The Internal Revenue Service announced a one-year delay in enforcing the most severe part of a law requiring companies that process and settle credit-card transactions to report payment amounts to the U.S. government.
The delay affects a requirement that payment processors withhold 28 percent of payments to retailers and others for whom they don’t have verified taxpayer identification numbers.
Such withholding will begin for payments made in 2013 instead of 2012, according to an IRS statement today that said the agency gave “careful consideration” to comments from companies. Payment processors have been complaining about a slow and error-filled IRS system for verifying and matching identification numbers.
The Electronic Transactions Association, a Washington-based trade group, applauded the IRS decision.

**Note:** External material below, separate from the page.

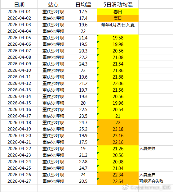 【季节】近期冷空气活跃,导致入季进程处于停滞状态。近期重庆在夏和春之间反复,目前虽然看似又开启入夏,但最近气温下降,这轮入夏可能还会失败。未来南方阴雨依然较多,气温偏低,入夏还要再等等。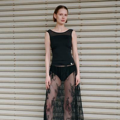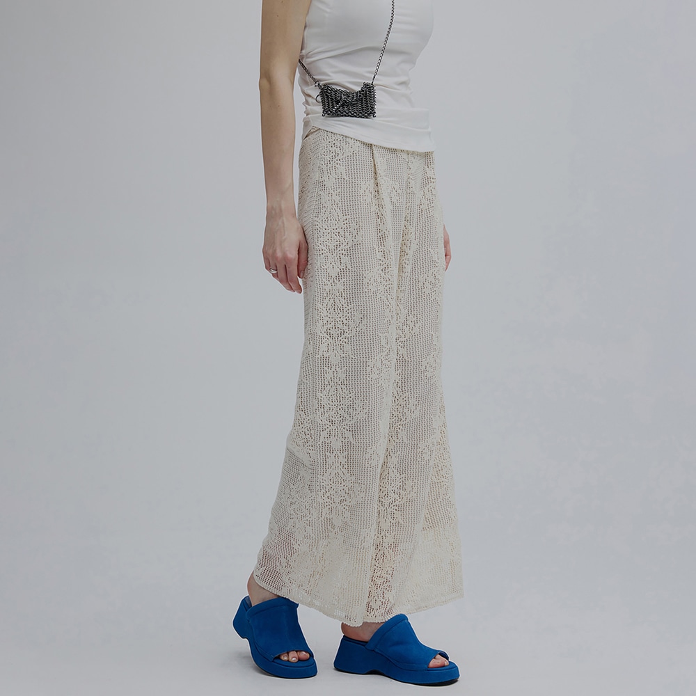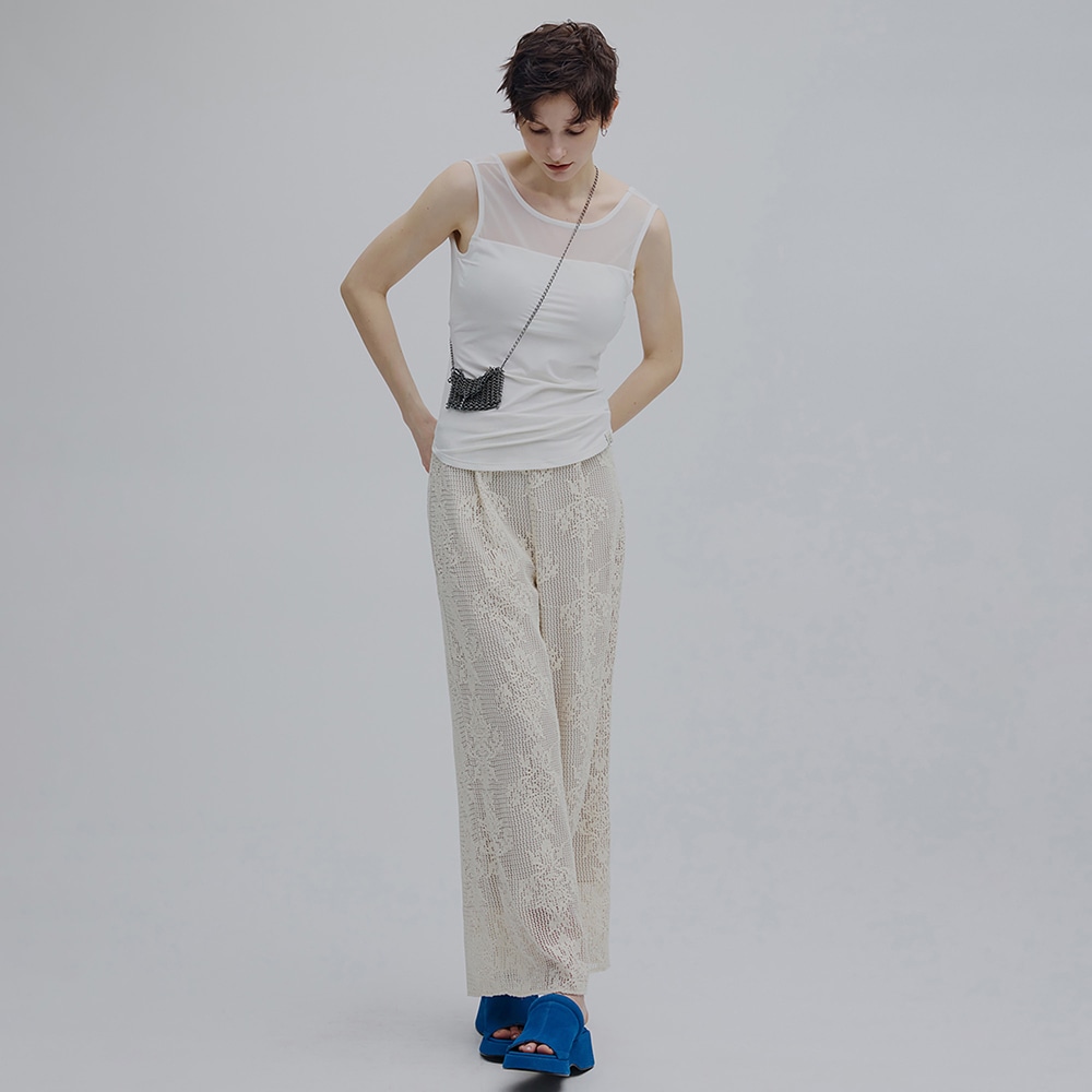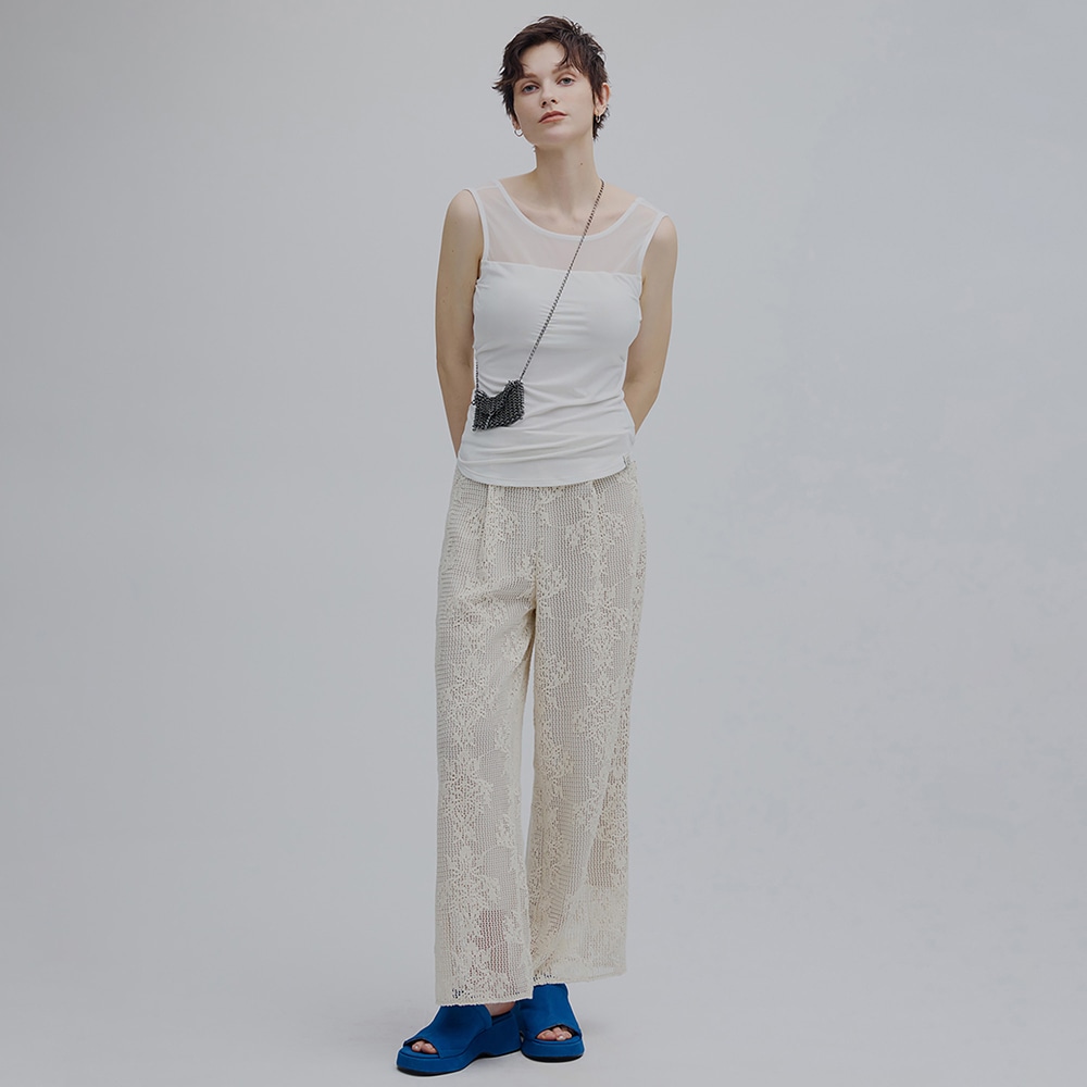 デコルテ部分は異素材のシアー素材とドッキングし抜け感のある一着。

“Given the complexities of the merchant transaction reporting requirement, the lack of timely and final reporting forms and the prevalence of still-unanswered questions, it is encouraging to see the IRS pay consideration” to businesses’ concerns, Mary Bennett, the group’s director of government and industry relations, said in an e-mail.
Congress created the credit-card reporting rules in 2008 to improve tax compliance. The law requires companies involved in payment processing to report annual totals of transactions with merchants. It took effect for transactions starting on Jan. 1, and the first reports are due in early 2012. The IRS also said today that it wouldn’t impose penalties for incomplete filings for that first set of reports.
The IRS plans to use the information to select businesses for audits by analyzing cash transaction rates in various industries. When the law passed, the congressional Joint Committee on Taxation estimated that it would generate $9.5 billion in revenue for the federal government over 10 years.
In August, the Treasury Department’s inspector general for tax administration released an audit that criticized the IRS’s implementation of the credit-card reporting law.
“We found that improvements must be made if this effort is to function as intended, which is to help reduce the tax gap” between taxes owed and collected, J. Russell George, the inspector general, said at the time.
Mark Pyke, president of the merchant services segment at Total System Services, said the delay was reasonable.
“This is good news for the merchant acquiring community,” he said in a statement.
Today’s announcement coincides with a House of Representatives vote to repeal another tax compliance provision that has drawn objections from businesses and was delayed by the IRS. That rule, which requires 3 percent withholding from government contractors, would take effect in 2013 unless Congress repeals it.